The Office of Economics, Environmental Analysis, and Administration (OEEAA) is a part of the Surface Transportation Board of the United States Department of Transportation, a United States government agency. It does work related to railroads.

The OEEAA is responsible for the economic, cost, financial, engineering, and environmental analyses in cases before the Surface Transportation Board (STB). It also provides the administrative support for the STB, including managing buildings and office space and human relations management, and computer systems support.

The OEEAA has a staff of 55 professionals, including varied vocations such as: economists, accountants, financial analysts, engineers, transportation industry analysts, environmental protection specialists, attorneys, computer programmers, personnel specialists, and a variety of administrative support staff. The primary activities and responsibilities of the OEEAA are identified and briefly discussed below.

==Economic Analysis==
OEEAA supports the STB's decision making process through economic, cost, financial, and engineering analyses. Typically, the types of cases that they are involved in include: railroad maximum rate proceedings, rail mergers, abandonments, rail line construction, and trackage rights matters. The OEEAA can provide economic and cost information for individual railroads by means of these analyses.

OEEAA also collects and maintains databases, including the rail waybill file as well as annual and quarterly financial and operating data for rail carriers.
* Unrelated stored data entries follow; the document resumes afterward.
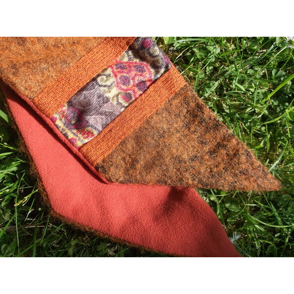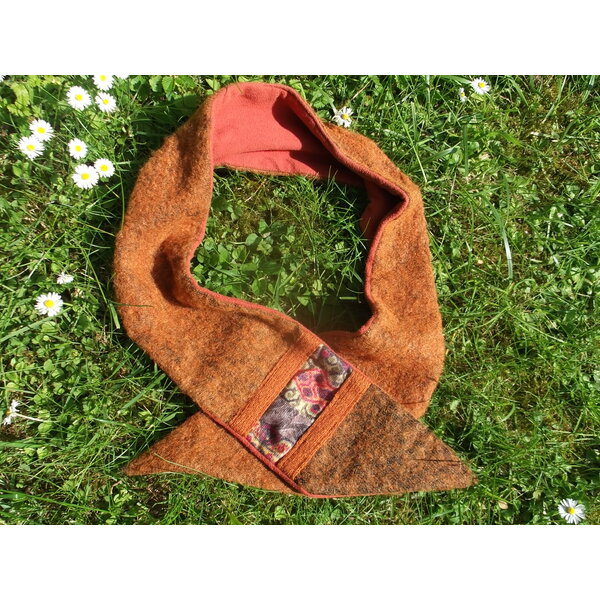 Ein toller kleiner Schal mit großer Wirkung. Aus verschiedenen Materialien und in einzigartigerm Patchwork zusammengestellt. Außen Wollstoff, innen Fleece aus Mix Material mit BW. Ein absolutes Unikat, ein Hingucker!!
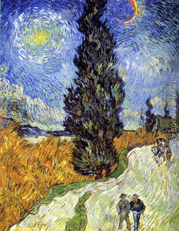 * Hand-painted Vincent Van Gogh Oil Painting Reproduction : Road with Men Walking, Carriage, Cypress, Star, and Crescent Moon II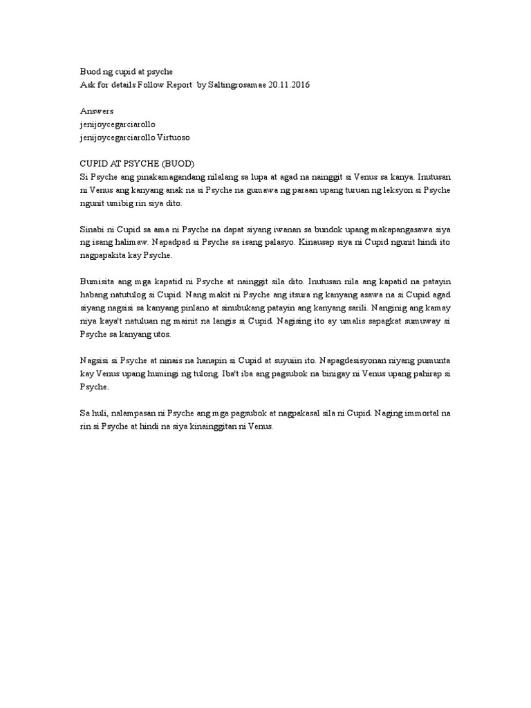 BUOD ng Cupid at Psyche. It is the responsibility of each user to comply with 3rd party copyright laws. Ngunit sa lahat siya ang may pinakalutang na kagandahan.

The OEEAA also maintains the annual Uniform Rail Cost System estimate (URCS), which is the STB's general purpose costing system used for various purposes (such as the development and calculation of branch costs)

==Section of Environmental Analysis==
The Section of Environmental Analysis (SEA) is the office within the Board responsible for directing the environmental review process It conducts independent analysis of all environmental data and makes environmental recommendations to the Board, as well as giving technical advice.

Under the terms of the National Environmental Policy Act (NEPA), the Board must take into account in its decision making, the impact of its actions upon Earth's environment - including direct, indirect and cumulative effects. The STB must consider these effects before making its final decision in a case. SEA assists the STB in meeting this responsibility.

==Administration==
The administrative side of OEEAA provides a wide range of support to STB staff including:-
- Facilities management (including stationery and copier services, emergency planning and equipment supply).
- Financial management services (including submission and oversight of the STB's annual budget, spending plans, payroll program, and user fee collection systems).
- Human resources support (including hiring new employees, promotions, retirements, staff training issues, grievances, etc.).
- IT Systems support (including maintenance of computer support system, purchase & maintenance of hardware and software).
- Providing guidance and advice to STB Members and staff on issues regarding ethics and codes of conduct.